Having been away in Washington, D.C., most of the past five weeks for medical and other reasons, it’s exasperating to see that the Maine Legislature has rejected several wholly reasonable gun safety proposals. That 12 people died in Virginia Beach because a deranged individual had access not just to high caliber weaponry but to silencers and high capacity magazines seems not to have registered with enough Maine legislators. Still less is it likely that lawmakers took cognizance of the multiple gun deaths occurring in cities like Washington and Chicago every day. But then we should not be surprised: If Columbine or Parkland or Sandy Hook did not persuade, a few more inner city deaths elsewhere are not apt to.

What accounts for this?
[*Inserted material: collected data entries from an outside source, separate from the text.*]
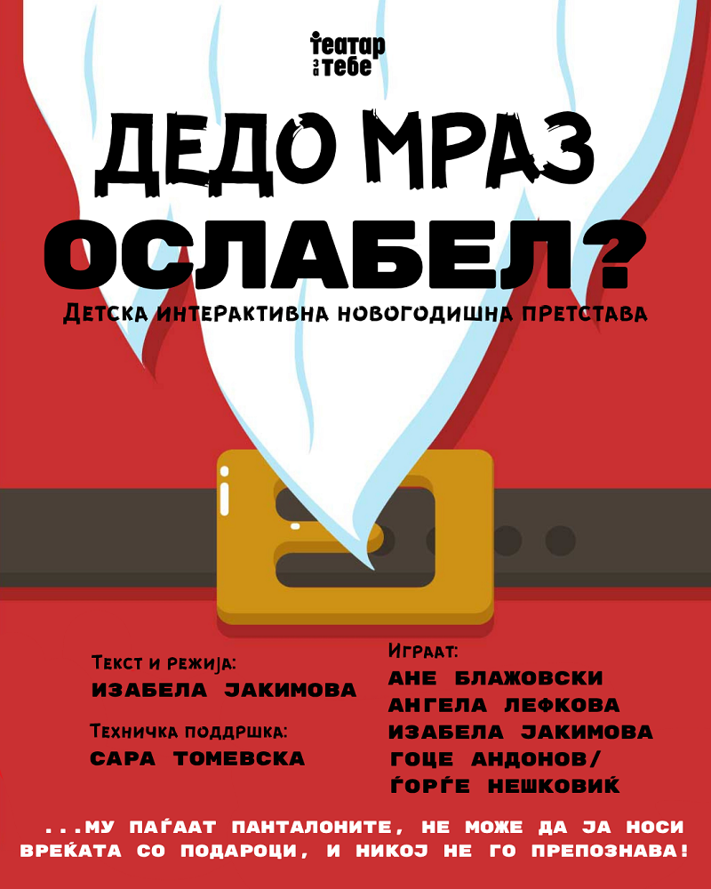 „Дедо Мраз ослабел?” и „Заспаната добрина”, се двете детски новогодишни претстави што за нашата најмала публика ќе се играат на 25, 26, 27 и 30 декември на големата сцена на Драмски театар Скопје.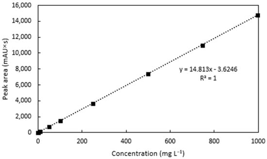 For the analysis of linearity, the tebuthiuron standards were found to be linear over the range of 0.1–1000 mg L−1, with an R2 value of 0.9999 (Figure 5).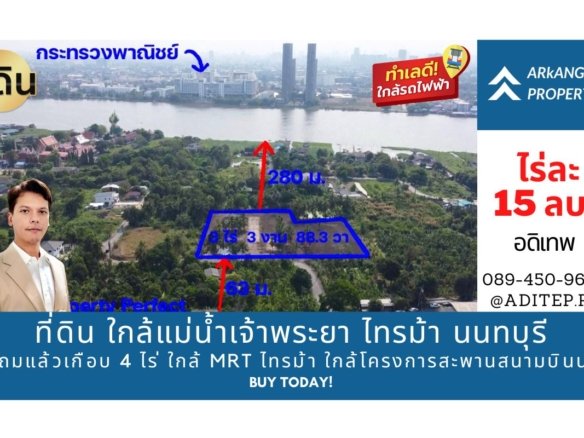 ขายที่ดิน ใกล้แม่น้ําเจ้าพระยา ซ.ไทรม้า 5 นนทบุรี ที่ถมแล้วเกือบ 4 ไร่ ใกล้รถไฟฟ้า ใกล้โครงการสะพานสนามบินน้ำ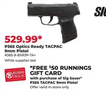 P365 Optics Ready TACPAC 9mm Pistol deal in the weekly ad of Runnings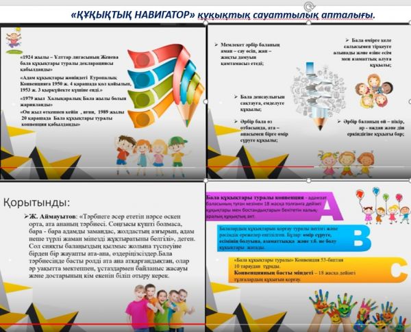 Қарағанды облысының білім беруді дамытудың оқу-әдістемелік орталығының ұйымдастыруымен 7 - 12 ақпан аралығында «ҚҰҚЫҚТЫҚ НАВИГАТОР» құқықтық сауаттылықты арттыру апталығы өткізілуде. Мек…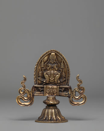 The flowing, flame-like shapes on each side add sculptural movement, giving the décor piece a dynamic, expressive presence. Detailed carvings around the deity and along the base showcase classical Himalayan artistry, offering both visual texture and cultural depth. The lotus-style pedestal provides a refined decorative touch, connecting the piece to themes of harmony, inner peace, and spiritual expression.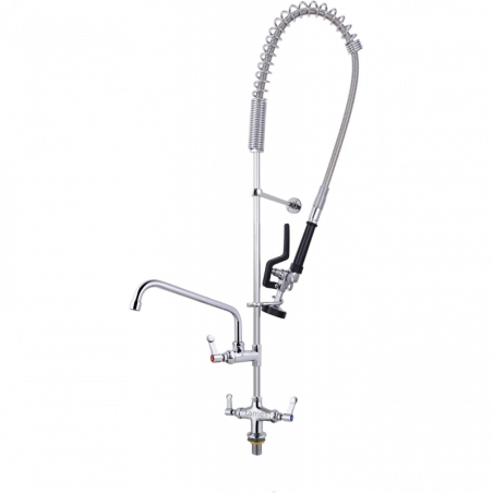 - Griferia para cocina industrial o cocina con lavaplatos grande, con cabezal móvil permite un lavado de fácil debido a su manguera flexible.

Political cowardice certainly plays a role. That those who make our laws give less priority to saving lives than to indulging the benighted views and selfish preferences of even the least evolved of their local constituents is a sad fact of our political life; that does not make it any less an obscenity. A narrow-minded provincialism lies behind assertions of a “Maine culture” kowtowed to by politicians and which thwarts needed gun control legislation. If those elected cannot distinguish between the legitimacy of hunting and the excesses of “gun rights” obstructionism pursued by the National Rifle Association (NRA) and its satellites, Maine and our country are in a sorry state indeed.

This is a time for asking: which side are you on? You can choose the NRA, but know that that organization and its allies constitute a criminally irresponsible conspiracy against the public good. Every time decent gun safety measures are voted down, lawmakers hand the NRA a victory and demonstrate their own moral bankruptcy. Maine, and America, deserve better.